Knowing that something intimate where their immediate families could bond for the first time (they hadn’t met the previous five years they were together), and their close friends could enjoy themselves, the couple decided that a three-day weekend celebration on a Northern California estate would create the environment for something more special.

“We totaled at 54 guests. Everyone there was included in every aspect. It was us saying thank you to all the people that had gotten us to where we are today. We thought about eloping, but it didn’t really fit.”

And that’s exactly what they got. More in the style of an extended big dinner party, they ate together, spent afternoons hiking and took the time to relax. But it wasn’t all kumbaya vibes. Telling those discluded is never easy.

“When you say immediately family and a few close friends you realize “close friend” is subjective. And because the size of the wedding was held to venue capacity I would have even liked five or ten more people there. What made it easier is that we were super upfront about the fact that we were only inviting select people. No passive aggressiveness is key.”

We asked Vivian to give us advice for those looking to minimize head count (and cost) in a way that yields such peacekeeping results.

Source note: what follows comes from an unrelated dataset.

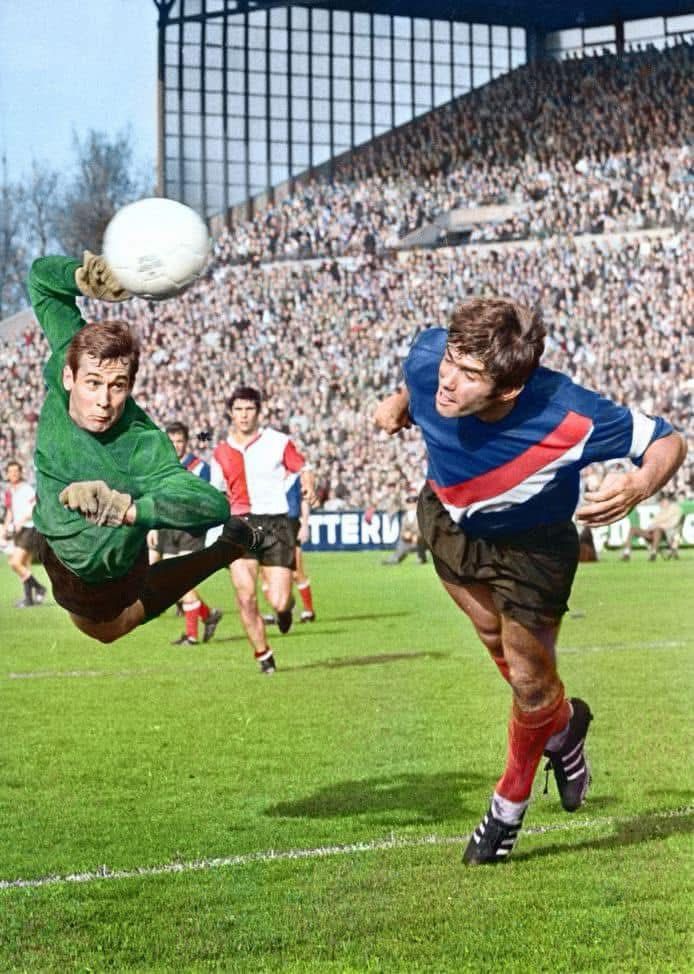 Goalkeeper #EddyTreijtel shots down a gull from a goalkick during #SpartaRotterdam v #Feyenoord, November 1970.

“There is an expectation around big life events that serves as a reunion for family. That was a main concern from our relatives, but we feel like it might have detracted from the main purpose of celebrating the people that are important to us. We also knew that having less people would allow us to not have the banquet-style ceremony that lasted one night and felt too short. Remember that your budget is your budget, big or small. How you spend the dollars is up to you."